• What is being asked
The entries are to be duplicated exactly, with nothing left out.

Stored dataset items:
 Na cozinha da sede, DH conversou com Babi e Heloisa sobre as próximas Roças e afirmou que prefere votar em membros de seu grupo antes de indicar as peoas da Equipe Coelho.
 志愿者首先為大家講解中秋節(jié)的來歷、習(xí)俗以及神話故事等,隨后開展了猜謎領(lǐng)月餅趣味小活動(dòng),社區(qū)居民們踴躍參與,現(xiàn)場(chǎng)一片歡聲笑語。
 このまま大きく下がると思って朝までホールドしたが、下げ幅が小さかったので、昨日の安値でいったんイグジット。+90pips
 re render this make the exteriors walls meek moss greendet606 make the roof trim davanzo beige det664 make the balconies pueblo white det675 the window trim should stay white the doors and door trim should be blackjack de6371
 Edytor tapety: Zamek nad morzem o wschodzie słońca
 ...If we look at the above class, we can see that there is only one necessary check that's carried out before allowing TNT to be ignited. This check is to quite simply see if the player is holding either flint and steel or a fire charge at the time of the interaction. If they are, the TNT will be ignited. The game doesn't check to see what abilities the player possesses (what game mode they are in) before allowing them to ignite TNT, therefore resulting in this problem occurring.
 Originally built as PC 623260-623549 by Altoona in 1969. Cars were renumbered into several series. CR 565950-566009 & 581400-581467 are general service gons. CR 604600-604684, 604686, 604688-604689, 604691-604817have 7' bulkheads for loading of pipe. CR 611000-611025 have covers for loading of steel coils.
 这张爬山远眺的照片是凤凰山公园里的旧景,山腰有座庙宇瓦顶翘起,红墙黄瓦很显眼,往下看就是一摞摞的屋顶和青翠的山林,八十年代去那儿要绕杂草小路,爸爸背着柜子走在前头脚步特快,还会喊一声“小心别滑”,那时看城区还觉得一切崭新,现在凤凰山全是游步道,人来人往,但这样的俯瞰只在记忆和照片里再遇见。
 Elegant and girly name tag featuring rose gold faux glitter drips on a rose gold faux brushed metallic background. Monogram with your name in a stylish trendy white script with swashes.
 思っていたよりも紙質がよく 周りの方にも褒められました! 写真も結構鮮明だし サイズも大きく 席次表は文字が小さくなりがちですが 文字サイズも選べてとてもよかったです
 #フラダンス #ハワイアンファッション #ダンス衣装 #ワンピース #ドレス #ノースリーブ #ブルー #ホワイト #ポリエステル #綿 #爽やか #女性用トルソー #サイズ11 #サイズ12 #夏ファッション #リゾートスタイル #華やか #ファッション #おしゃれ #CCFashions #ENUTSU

• Result for this exercise
 Na cozinha da sede, DH conversou com Babi e Heloisa sobre as próximas Roças e afirmou que prefere votar em membros de seu grupo antes de indicar as peoas da Equipe Coelho.
 志愿者首先為大家講解中秋節(jié)的來歷、習(xí)俗以及神話故事等,隨后開展了猜謎領(lǐng)月餅趣味小活動(dòng),社區(qū)居民們踴躍參與,現(xiàn)場(chǎng)一片歡聲笑語。
 このまま大きく下がると思って朝までホールドしたが、下げ幅が小さかったので、昨日の安値でいったんイグジット。+90pips
 re render this make the exteriors walls meek moss greendet606 make the roof trim davanzo beige det664 make the balconies pueblo white det675 the window trim should stay white the doors and door trim should be blackjack de6371
 Edytor tapety: Zamek nad morzem o wschodzie słońca
 ...If we look at the above class, we can see that there is only one necessary check that's carried out before allowing TNT to be ignited. This check is to quite simply see if the player is holding either flint and steel or a fire charge at the time of the interaction. If they are, the TNT will be ignited. The game doesn't check to see what abilities the player possesses (what game mode they are in) before allowing them to ignite TNT, therefore resulting in this problem occurring.
 Originally built as PC 623260-623549 by Altoona in 1969. Cars were renumbered into several series. CR 565950-566009 & 581400-581467 are general service gons. CR 604600-604684, 604686, 604688-604689, 604691-604817have 7' bulkheads for loading of pipe. CR 611000-611025 have covers for loading of steel coils.
 这张爬山远眺的照片是凤凰山公园里的旧景,山腰有座庙宇瓦顶翘起,红墙黄瓦很显眼,往下看就是一摞摞的屋顶和青翠的山林,八十年代去那儿要绕杂草小路,爸爸背着柜子走在前头脚步特快,还会喊一声“小心别滑”,那时看城区还觉得一切崭新,现在凤凰山全是游步道,人来人往,但这样的俯瞰只在记忆和照片里再遇见。
 Elegant and girly name tag featuring rose gold faux glitter drips on a rose gold faux brushed metallic background. Monogram with your name in a stylish trendy white script with swashes.
 思っていたよりも紙質がよく 周りの方にも褒められました! 写真も結構鮮明だし サイズも大きく 席次表は文字が小さくなりがちですが 文字サイズも選べてとてもよかったです
 #フラダンス #ハワイアンファッション #ダンス衣装 #ワンピース #ドレス #ノースリーブ #ブルー #ホワイト #ポリエステル #綿 #爽やか #女性用トルソー #サイズ11 #サイズ12 #夏ファッション #リゾートスタイル #華やか #ファッション #おしゃれ #CCFashions #ENUTSU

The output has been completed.